== EXERCISE DETAILS ==
The result should be the lines from the one that contains "Die Adresse von" to the final line of the entries below, copied exactly and with no pictures.
"""
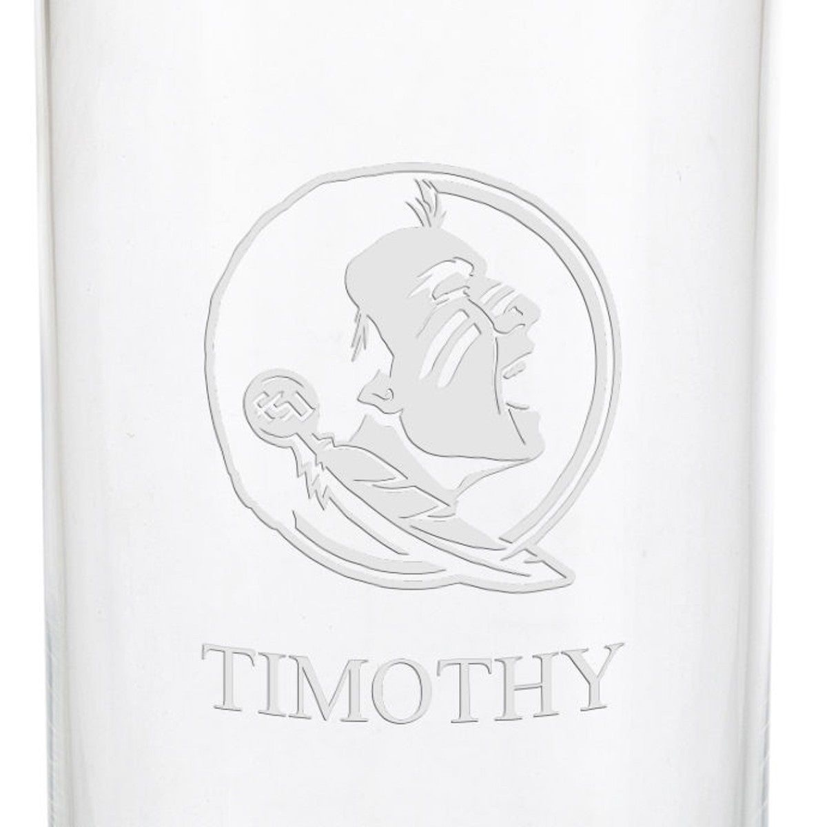 Florida State University iced beverage glasses have the FSU Logo deep-etched on each glass. Generously proportioned 16-ounce glasses are a pleasure to hold.
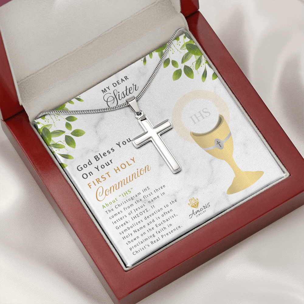 Commemorate the holy occasion of First Holy Communion with this beautifully crafted Personalized Cross Necklace. A symbol of Christ’s love and sacrifice, this necklace serves as a daily reminder of the deep spiritual journey begun through the Holy Eucharist. With a thoughtfully designed card to honor this holy milestone, it makes a cherished gift for a loved one receiving this Blessed Sacrament.
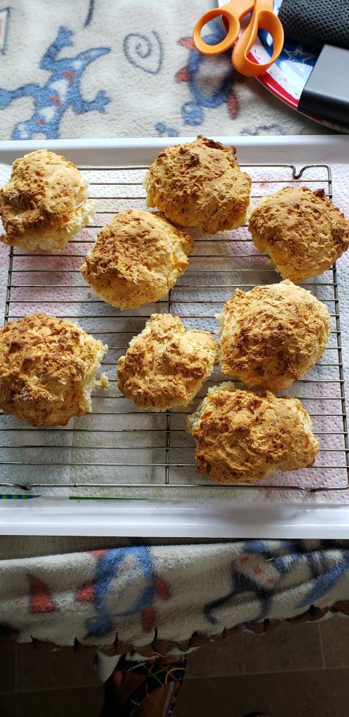 Made cheddar cheese biscuits today. Was on the cool side so I lit the toaster oven.
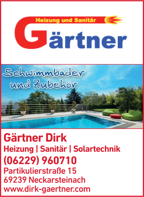 Die Adresse von Gärtner Dirk Heizung u. Sanitär lautet: Partikulierstr. 15, 69239 Neckarsteinach
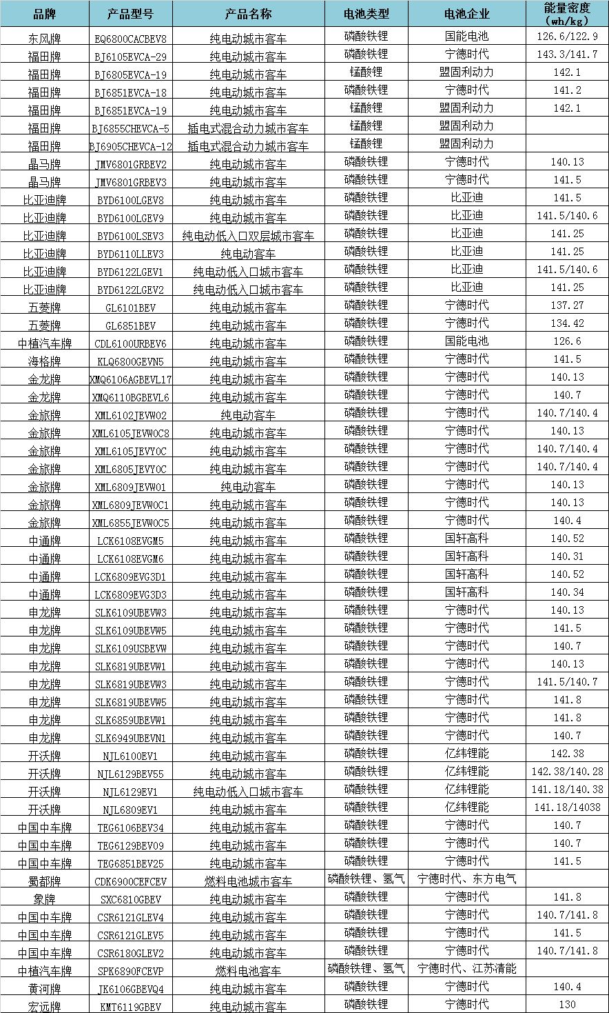 在入圍的55款新能源客車車型中,純電動客車有51款,插電式混合動力客車和燃料電池客車均各2款。其中,搭載磷酸鐵鋰電池的車型有51款(燃料電池車型同時搭載磷酸鐵鋰電池),錳酸鋰電池車型有4款,燃料電池車型有2款。
"""
== THE COMPLETED TASK ==
 Die Adresse von Gärtner Dirk Heizung u. Sanitär lautet: Partikulierstr. 15, 69239 Neckarsteinach
 在入圍的55款新能源客車車型中,純電動客車有51款,插電式混合動力客車和燃料電池客車均各2款。其中,搭載磷酸鐵鋰電池的車型有51款(燃料電池車型同時搭載磷酸鐵鋰電池),錳酸鋰電池車型有4款,燃料電池車型有2款。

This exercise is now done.